The hospital has the law on its side. Jahi is dead, so far as the State of California is concerned. Under California law, hospitals are obligated to provide the families of persons declared brain dead a “reasonably brief period of accommodation” – defined as the amount of time needed to “gather family or next of kin at the patient’s bedside” – during which only existing cardio-pulmonary support must be continued. If a family objects on religious grounds to the use of the whole brain death criterion, the hospital must “make reasonable efforts to accommodate those religious and cultural practices and concerns.”
Oakland Children’s Hospital surely met its minimal, legal obligation to provide “reasonable accommodation” to Jahi’s family, even while it consistently (some might say cruelly) referred to the child as “a deceased person” and a “dead body,” and threatened to unilaterally withdraw ventilation against her family’s wishes.
The law may be on the side of the hospital and doctors in Jahi’s case, but morality and common decency are not. There is nothing unreasonable or medically unsound about the cardiac definition of death – it is used all the time to determine death. It is the definition of death that Jahi’s family accepts – and it’s a definition of death accepted under the law everywhere.
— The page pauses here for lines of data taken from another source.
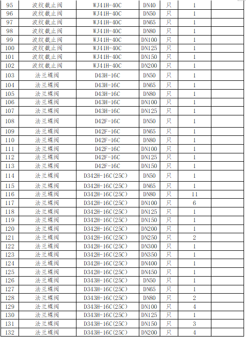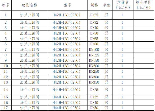 1、标段1、2、3的清单中型号公称压力出现矛盾如:H42H-16C(25C),请确认按照16C还是25C哪个为准?
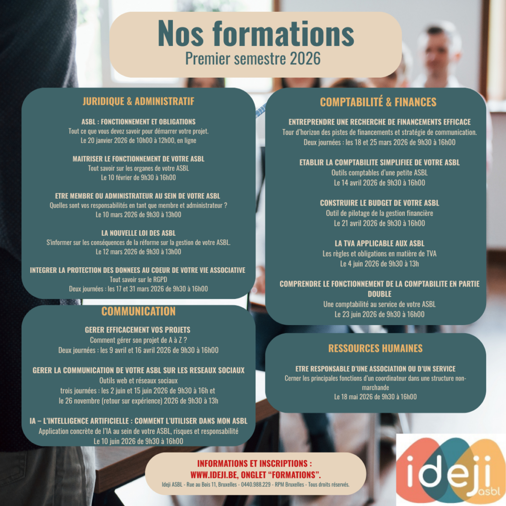 Ideji vous propose un ensemble de fiches d’information et des modèles de documents destinés à vous aider dans la gestion de votre ASBL.
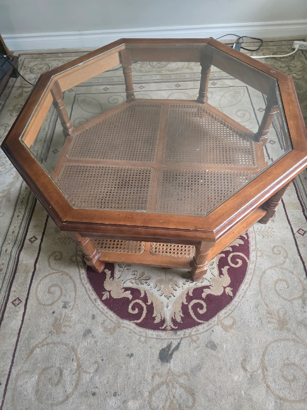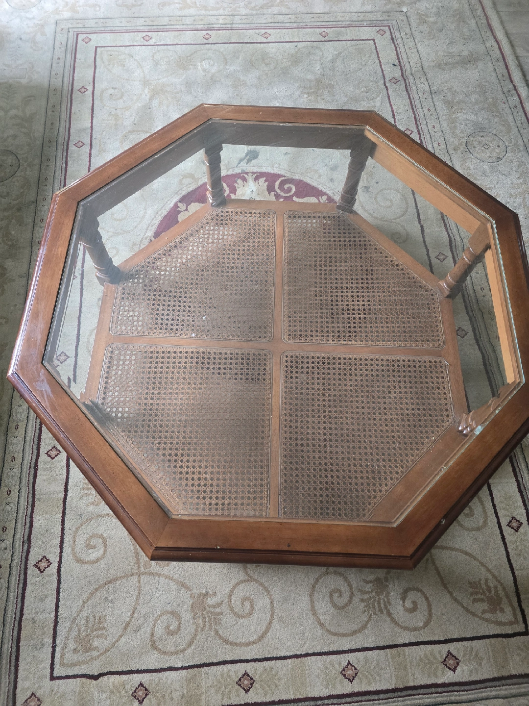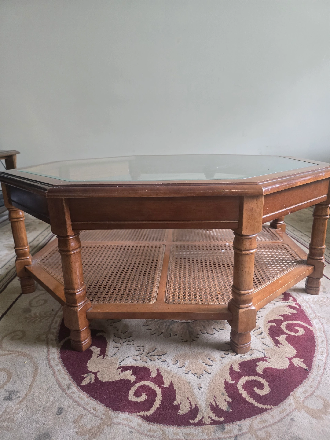 10Selling a unique octagon-shaped coffee table with a glass top and woven cane detailing on the lower shelf. It's a stylish piece that would look great in any living room. The wooden frame has a warm, classic look.
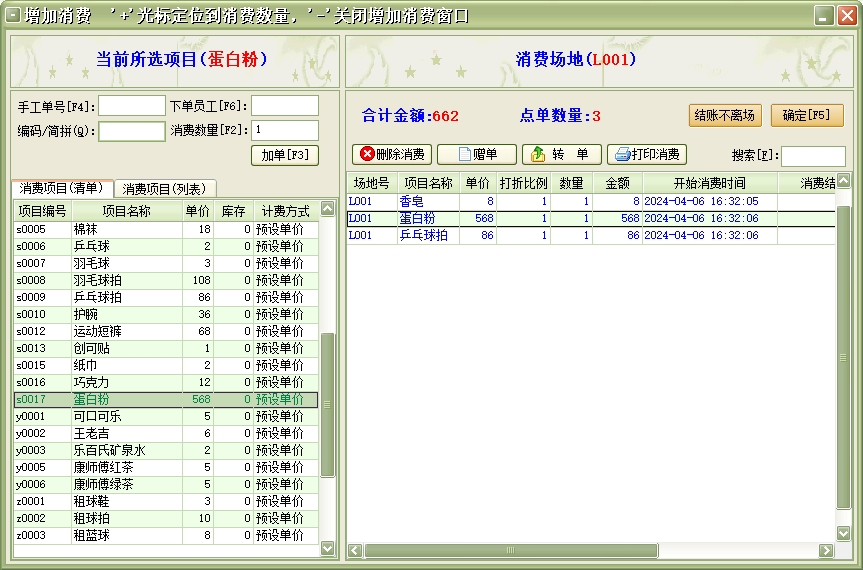 点单消费→增加消费:客人在消费过程中所消费的所有项目均要进行入帐处理,以便在客人离店时自动计算消费额。客人的消费明细便是在此入帐。
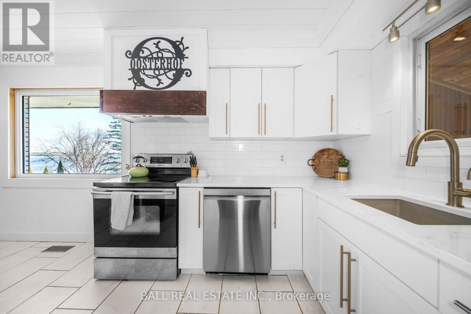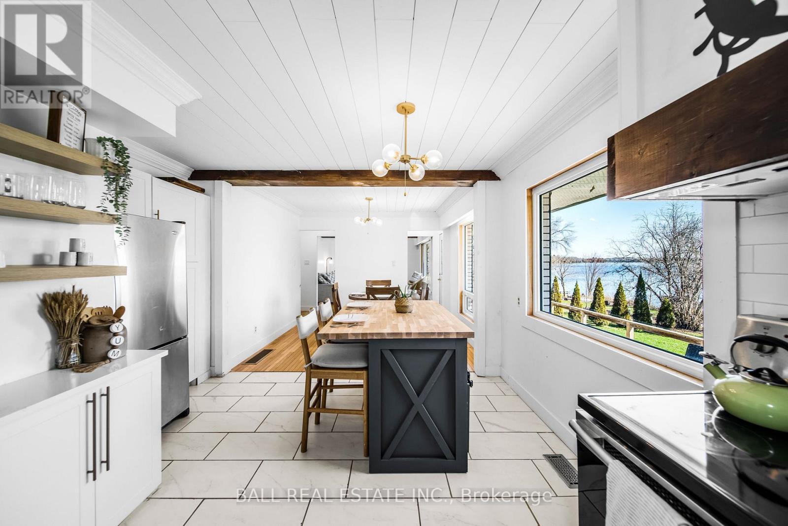 Live year-round on Katchewanooka Lake! Just 5 mins to the Village of Lakefield, 20 mins to Peterborough and right across from Katchawano Golf Course. Privately tucked off paved municipal road with large paved driveway leading to a triple car garage and renovated brick bungalow. Recent updates include brand new armour stone shoreline ('26), new furnace & AC ('23), updated kitchen & main bathroom ('23), plumbing and RO system ('23), updated dock ('22), new metal roof on garage ('21) and house roof ('23). Beautiful renovated kitchen, living room with propane fireplace and enclosed patio with hot tub. Offering 3 spacious bedrooms and 2 bathrooms (including ensuite with heated floors) and lower level with space to expand, rec room with wood fireplace, laundry and storage. Lovely level lot, sandy shoreline, ample paved parking, serviced municipal road with year-round curbside collection. Convenient waterfront living on the Trent Severn Waterway! (id:64974)
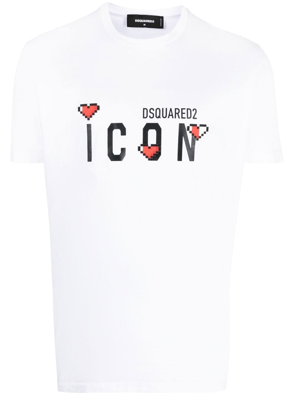 Icon logo-print T-shirt Dsquared2 offers a playful touch to its iconic Icon print with this T-shirt, adorned with a pixelated heart motif for AW23. Highlights - White - Cotton - Logo print to the front - Heart print - Round neck - Short sleeves - Straight hem Made in Italy Composition Cotton 100% SIZE & FIT Model measurements Height 6 ft 0 in(1.84 m) Bust/Chest 36.22 in(92 cm) Hips 35.43 in(90 cm) Waist 26.77 in(68 cm) FittingInformation This piece fits true to size. We recommend you get your regular size Cut for a slim fit Made with a mid-weight fabric Washing instructions Dry Clean Only
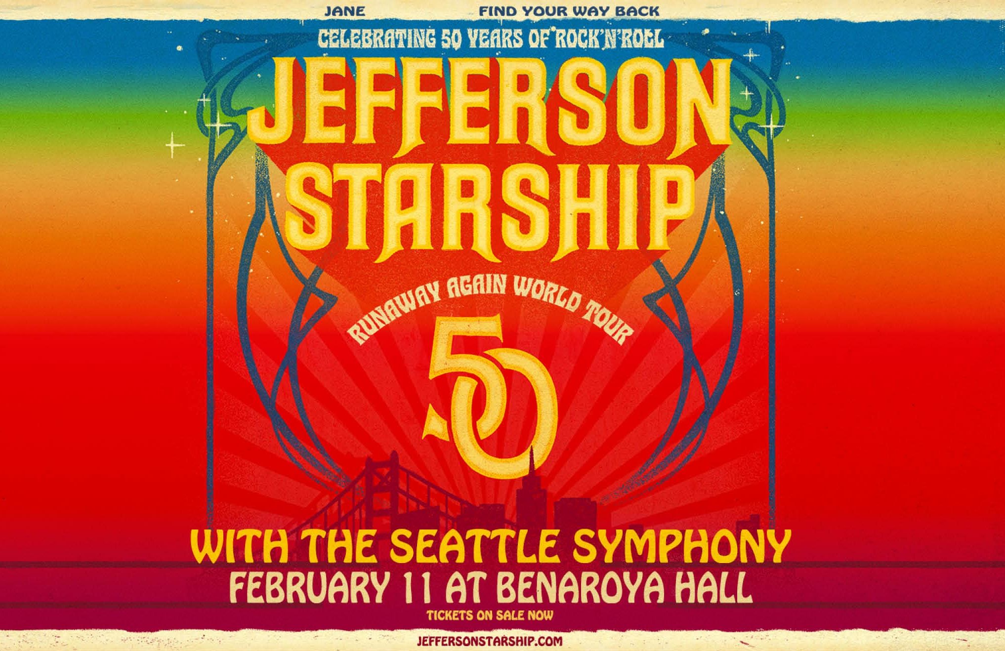 Jefferson Starship is one of the most successful arena rock bands of the 1970s and 1980s, earning 3 platinum and 8 gold records, as well as numerous Top 40 Billboard singles. On the Seattle stop of their 50th Anniversary Tour, they join forces with the Seattle Symphony and conductor Sarah Hicks for an unforgettable evening of nonstop hits.
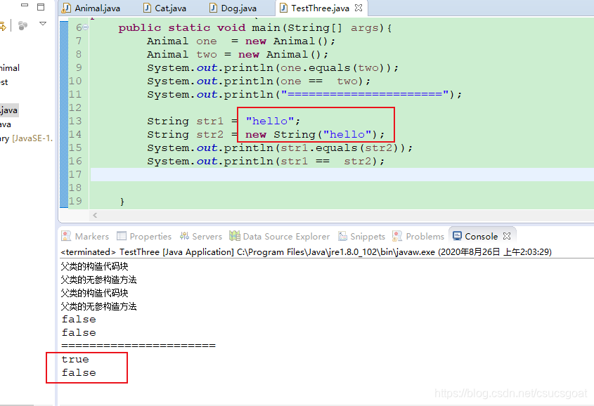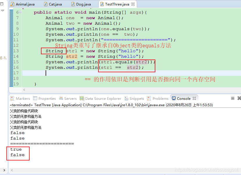 - 由于s1与s2中存放的地址不同,所以输出false。因为,类String重写了equals()方法,它比较的是引用类型的 的值是否相等,所以输出true。即结果为false、true。
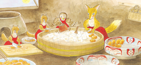 黄鼠狼小七和新井穿过松树林,放了一个屁。一个鼻子尖尖的家伙逃走了。 有好朋友真好啊,如果没有这些好朋友,小吉还敢去自己买东西吗? 终于到家了。“啊。太好了。托大家的福,没有发生可怕的事,太感谢了!”“太好了,太好了!”“快快抓紧时间干活儿吧!” 看大家干得热火朝天的。“蒸米饭,把油炸豆腐摆好——”“把饭团塞进去,做成油炸豆腐寿司。天亮前可要抓紧时间做啦!” 爬山啊爬山,大家爬啊爬啊,来到狐狸小吉的家。今天是举行狐仙山庙会的日子,小吉的油炸豆腐寿司可是庙会的美味呢。大家高高兴兴地赶来吃油炸豆腐寿司。

If cardiac death is medically and legally accepted, it is surely not unreasonable. “Reasonable accommodation” of moral and religious differences can and should reasonably accommodate the use of a medically and legally acceptable alternative in determining death.
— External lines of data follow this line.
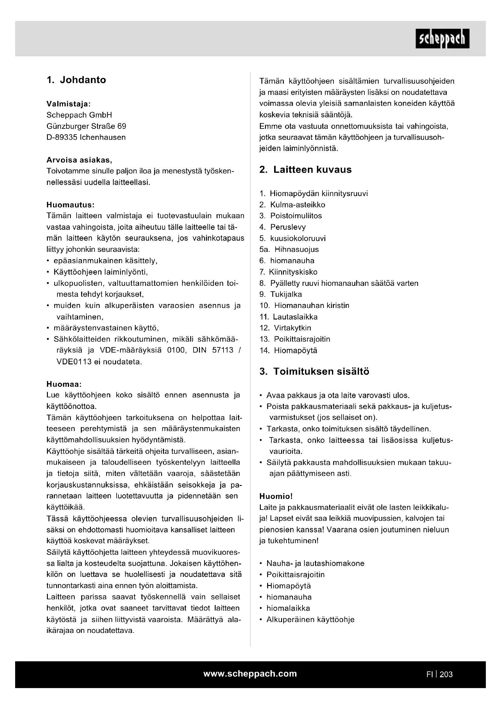 Valmistaja: Scheppach GmbH Günzburger Straße 69 D-89335 Ichenhausen Arvoisa asiakas, Toivotamme sinulle paljon iloa ja menestystä työsken- nellessäsi uudella laitteellasi. Huomautus: Tämän laitteen valmistaja ei tuotevastuulain mukaan vastaa vahingoista, joita aiheutuu tälle laitteelle tai tä- män laitteen käytön seurauksena, jos vahinkotapaus liittyy johonkin seuraavista:
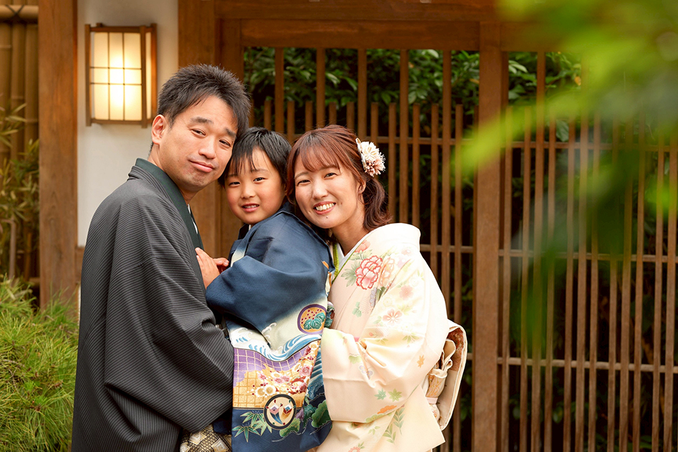 日本庭園スタジオで、ご家族の笑顔がとても素敵なお写真です。
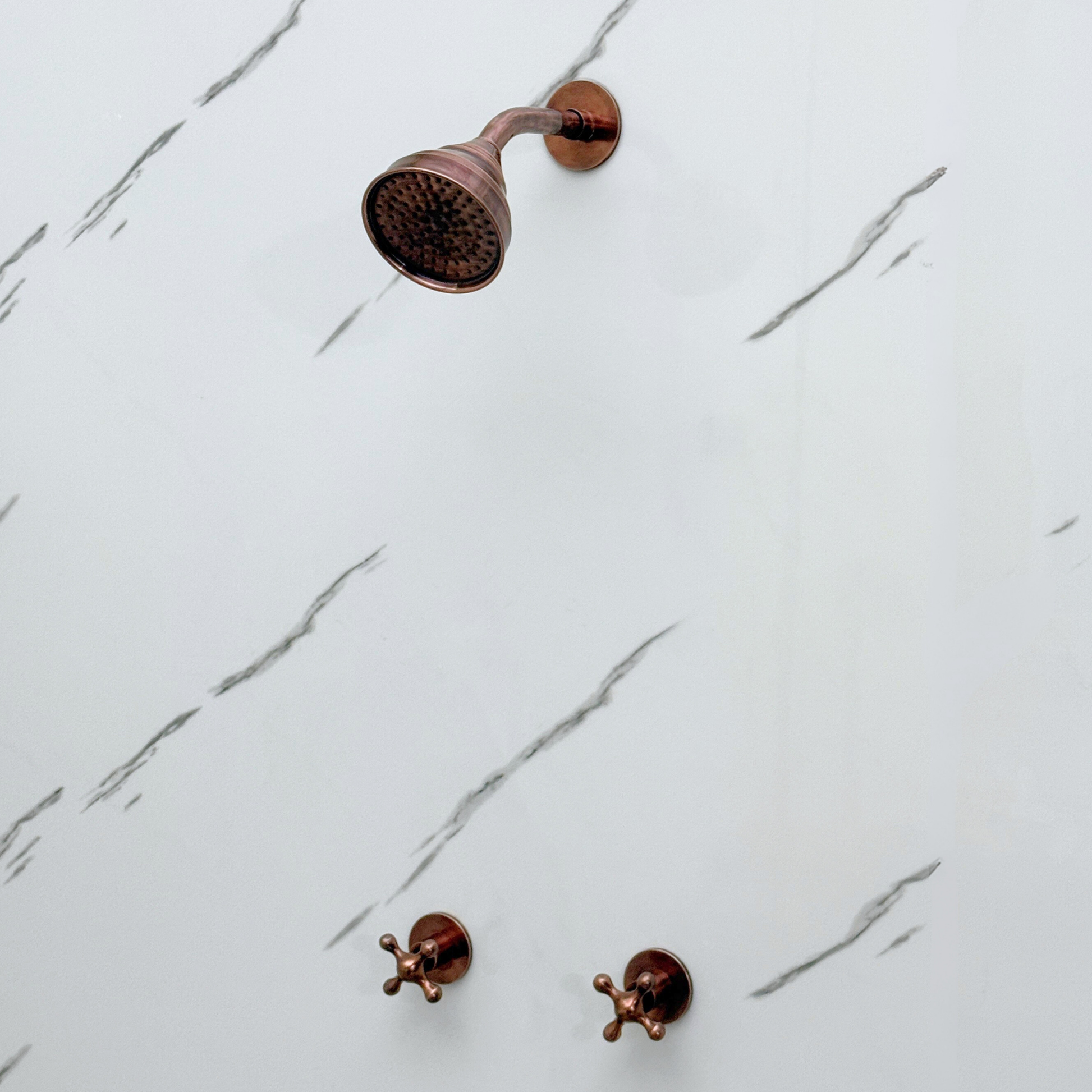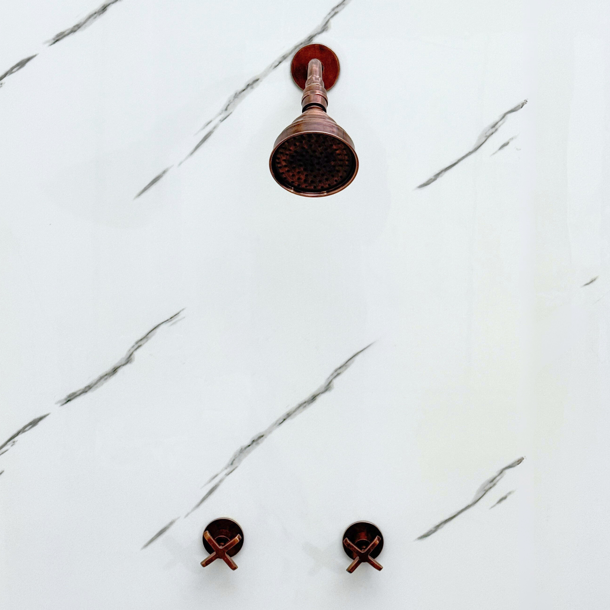 This wall-mounted shower system features a striking antique copper finish over solid brass construction, combining elegance with lasting durability. The brass arm supports a round rain shower head for a soothing rainfall effect, while the cross handles provide precise water control for an effortless and timeless shower experience. An optional Adjustable Shower Head Connector is available, allowing you to customize the shower angle for added comfort.

A family has lost a beloved child. There is no doubt about that. Whether Jahi is alive or dead may be in dispute, but she will never be the child she once was. Her family already grieves that loss, as any family would. Medical or legal declarations will not relieve their suffering. Neither will a strong dose of reality – which Oakland Children’s Hospital seemed determined to administer – serve as good medicine in this case. Jahi is beyond harm – she does not suffer from the continuing provision of oxygen and nutrition. She feels no pain, knows no loss. Continuing “life support” in Jahi’s case is the difference, for her family, between losing a child to a devastating medical complication, and losing her to institutionalized murder.
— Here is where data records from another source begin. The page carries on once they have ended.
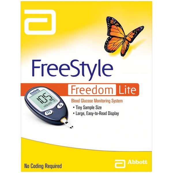 About This Item We aim to show you accurate product information. Manufacturers, suppliers and others provide what you see here, and we have not verified it. See our disclaimer The FreeStyle Freedom Lite blood glucose monitoring system features a large numeric display, so it is easy to read your test results. Additionally, the FreeStyle Freedom Lite meter is ergonomically designed to feel comfortable in your hand. There is no coding needed and this meter requires a small blood sample size. Easy to read, large numeric display Easy to hold, large comfortable design No coding, means one less step Small sample size, only 0.3 microliter Fast, 5-second average test time Contents include: FreeStyle Freedom Lite Blood Glucose Meter, 1 Lancing Device, 10 Lancets, Carrying Case, English/Spanish Owner's Booklet For use with FreeStyle Lite test strips only, sold separately
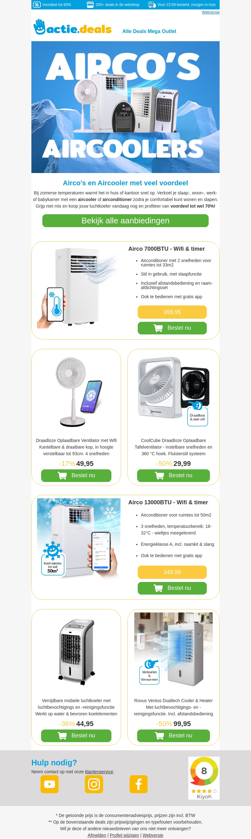 Ontdek nu de beste aanbiedingen op airco's en aircoolers bij actie.deals. Bespaar tot wel 70% op diverse modellen, inclusief wifi-functionaliteit en timer. Bekijk alle aanbiedingen en vind de perfecte oplossing voor een koele zomer.
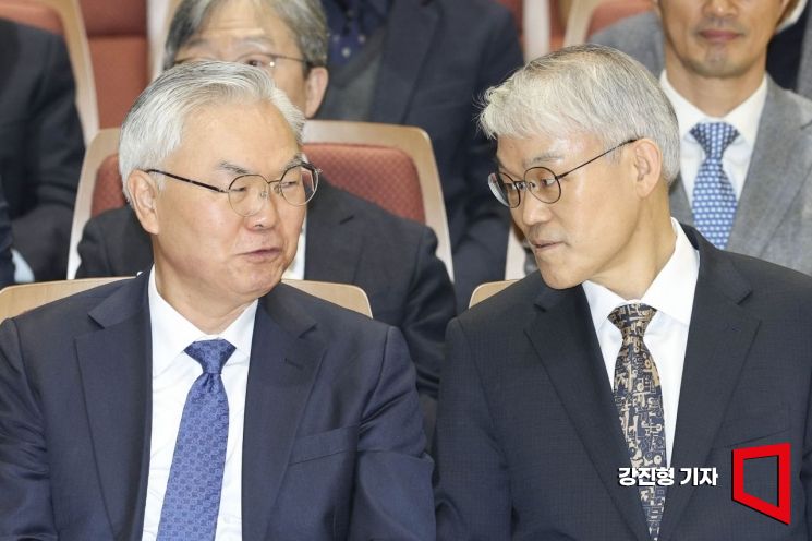 천대엽 법원행정처장과 김선수 전 대법관이 9일 서울 서초구 서울법원종합청사 청심홀에서 열린 ‘국민을 위한 사법제도 개편 공청회’에 참석해 의견을 나누고 있다.
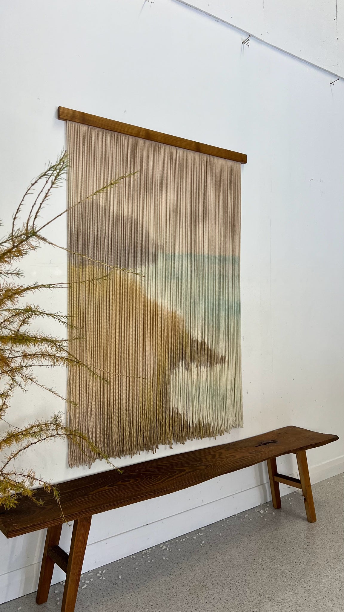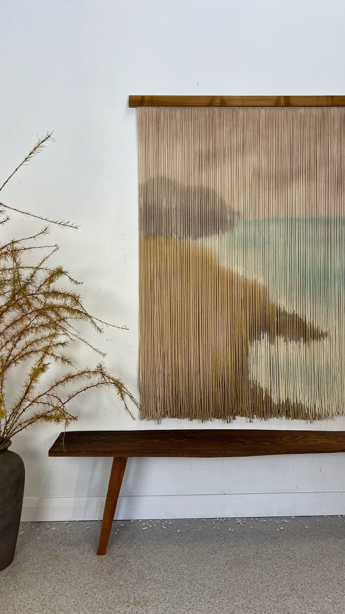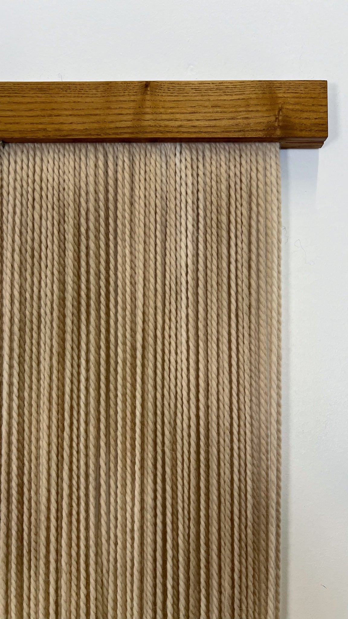 This dip dyed wall hanging is made of natural color soft wool, in shades of beige, brown, gold/sand and turquoise finished with a stained oak wood panel. Fiber art like this will suit perfectly a minimalist living room, bohemian bedroom and warm office.

It will cost money – wasted money, many will say – to keep Jahi’s body alive for whatever time she has left. Her family has raised that money through private donations. The hospital used its money and resources to battle Jahi’s family in court, when it could have given them time, and a little compassion, allowing them to come to terms with what has happened in their own way, and in their own time.
Jahi’s parents know that their daughter will not return to them as she was. And they grieve, even if their way of grieving is not medically or legally endorsed, even if it looks like denial. Their grief, too, is reasonable, and should be accommodated.